Digital content management systems (like ContentDM and MDID) were originally intended as a means of discovery for the original full resolution tiff file being stored off line. MDID users can download the largest image stored on the server, and ContentDM users can zoom in to the level of detail supported by the size of the image stored on the server. The images stored on these servers should be jpegs. Tiffs require too much storage space and, due to the large file size, have slow download times. MDID will not allow uploads larger than 16 MB, which most tiff images surpass.

In the digitization workflow, after images are scanned as full resolution tiffs, the next step is to create derivative jpeg images to upload to the server. The resolution (pixel size) of these derivative files depends on the needs of the project. ContentDM users can incorporate this step into the image upload by using image optimization in full resolution archiving. MDID users need to do this before uploading the files.

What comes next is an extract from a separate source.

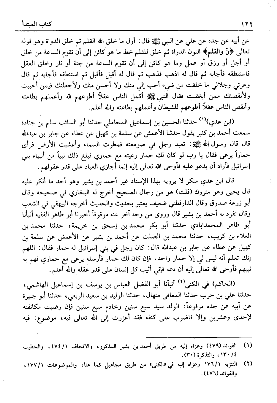 (ابْن عدى) حَدَّثَنَا الْحُسَيْن بْن إِسْمَاعِيل الْمحَامِلِي حَدَّثَنَا أَبُو السَّائِب سلم بْن جُنَادَة سمعتُ أَحْمَد بْن كثير يَقُولُ حَدَّثَنَا الْأَعْمَش عَن سَلمَة بْن كهيل عَن عَطاء عَن جَابِر بْن عَبْد الله قَالَ قَالَ رَسُول الله: تعبد رجلٌ فِي صومعته فمطرت السَّمَاء وأعشبت الأَرْض فَرَأى حمارا يرْعَى فَقَالَ يَا رب لَو كَانَ لَك حمَار رَعيته مَعَ حماري فَبلغ ذَلِكَ نَبيا من أَنْبيَاء بني إِسْرَائِيل فَأَرَادَ أَن يَدْعُو عَلَيْهِ فَأوحى الله تَعَالَى إِلَيْهِ إنّما أجازي الْعباد عَلَى قدر عقولِهم.

Full resolution archiving in ContentDM provides a means of organization for large tiff images that are used to create the derivative images stored on the server. ContentDM populates one of the metadata fields with information on where the full resolution tiff file is stored. MDID metadata creators need to provide this information by hand. Without full resolution archiving in ContentDM, the original tiff file is uploaded, and the location of the original file in not noted in the metadata. Because ContentDM will only show 600-1000 pixels of any image, it is important to be able to find the full resolution image being stored off line.

Draft digitization standards from the Indiana Digital Library Summit

Sunday, November 13, 2005

Conference impressions

I was lucky enough to attend two conferences this week.

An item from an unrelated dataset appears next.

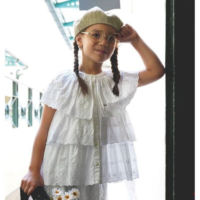 ・コットン地にアイレット刺繍のスカラップレースを採用

The first conference was held at Ball State University in Muncie, Indiana, and dealt with digital library projects -- more specifically with ContentDM. The presentations I found the most helpful were those that demonstrated specific projects and solutions to problems. It’s helpful for me to see the thought processes of others dealing with similar projects and problems. And since so many of us are using the same software it’s helpful to see the capabilities others have found.

The second conference was the Midwest chapter meeting of the Visual Resources Association, held at the Indianapolis Museum of Art and at Indiana University. There were two presentations, both of which were extremely helpful.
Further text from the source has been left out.